EXERCISE DESCRIPTION: Restate every record exactly as it is written, while omitting the pictures it holds.

SUPPLIED ENTRIES:
******************************
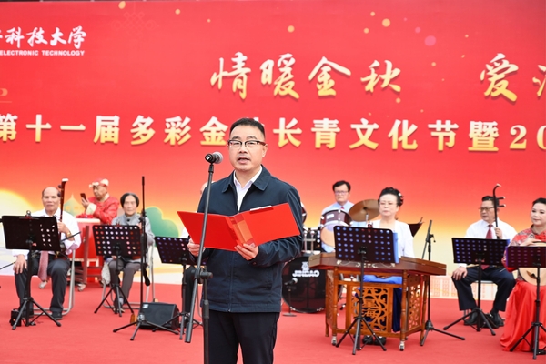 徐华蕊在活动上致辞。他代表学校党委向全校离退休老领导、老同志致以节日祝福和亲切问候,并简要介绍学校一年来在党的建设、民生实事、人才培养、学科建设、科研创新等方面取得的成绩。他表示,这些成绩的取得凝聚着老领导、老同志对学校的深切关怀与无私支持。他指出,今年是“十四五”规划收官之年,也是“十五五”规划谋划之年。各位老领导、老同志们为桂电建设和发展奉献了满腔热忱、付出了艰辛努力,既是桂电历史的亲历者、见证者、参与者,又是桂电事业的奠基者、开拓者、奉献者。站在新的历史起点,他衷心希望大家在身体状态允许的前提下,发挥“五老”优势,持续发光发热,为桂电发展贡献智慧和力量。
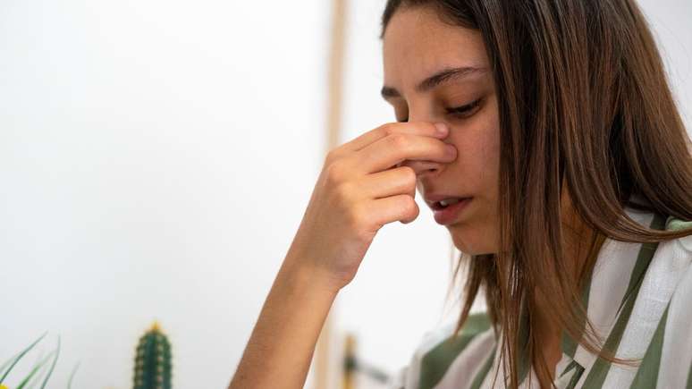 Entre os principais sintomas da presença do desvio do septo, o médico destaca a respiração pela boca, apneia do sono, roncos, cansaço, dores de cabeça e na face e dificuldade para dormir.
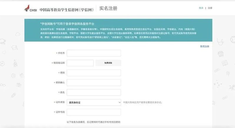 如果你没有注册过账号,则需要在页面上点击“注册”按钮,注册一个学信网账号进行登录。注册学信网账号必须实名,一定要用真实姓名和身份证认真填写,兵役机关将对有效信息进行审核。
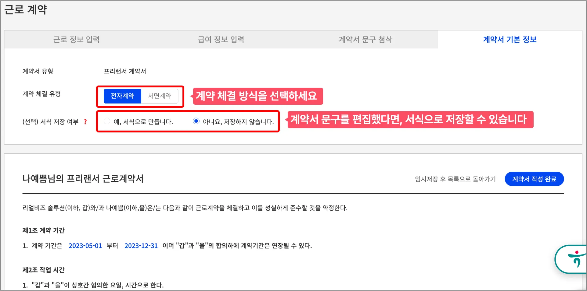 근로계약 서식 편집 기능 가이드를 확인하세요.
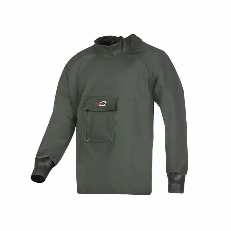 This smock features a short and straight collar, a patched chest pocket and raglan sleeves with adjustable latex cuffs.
******************************
SOLUTION TO THIS TASK:
 徐华蕊在活动上致辞。他代表学校党委向全校离退休老领导、老同志致以节日祝福和亲切问候,并简要介绍学校一年来在党的建设、民生实事、人才培养、学科建设、科研创新等方面取得的成绩。他表示,这些成绩的取得凝聚着老领导、老同志对学校的深切关怀与无私支持。他指出,今年是“十四五”规划收官之年,也是“十五五”规划谋划之年。各位老领导、老同志们为桂电建设和发展奉献了满腔热忱、付出了艰辛努力,既是桂电历史的亲历者、见证者、参与者,又是桂电事业的奠基者、开拓者、奉献者。站在新的历史起点,他衷心希望大家在身体状态允许的前提下,发挥“五老”优势,持续发光发热,为桂电发展贡献智慧和力量。
 Entre os principais sintomas da presença do desvio do septo, o médico destaca a respiração pela boca, apneia do sono, roncos, cansaço, dores de cabeça e na face e dificuldade para dormir.
 如果你没有注册过账号,则需要在页面上点击“注册”按钮,注册一个学信网账号进行登录。注册学信网账号必须实名,一定要用真实姓名和身份证认真填写,兵役机关将对有效信息进行审核。
 근로계약 서식 편집 기능 가이드를 확인하세요.
 This smock features a short and straight collar, a patched chest pocket and raglan sleeves with adjustable latex cuffs.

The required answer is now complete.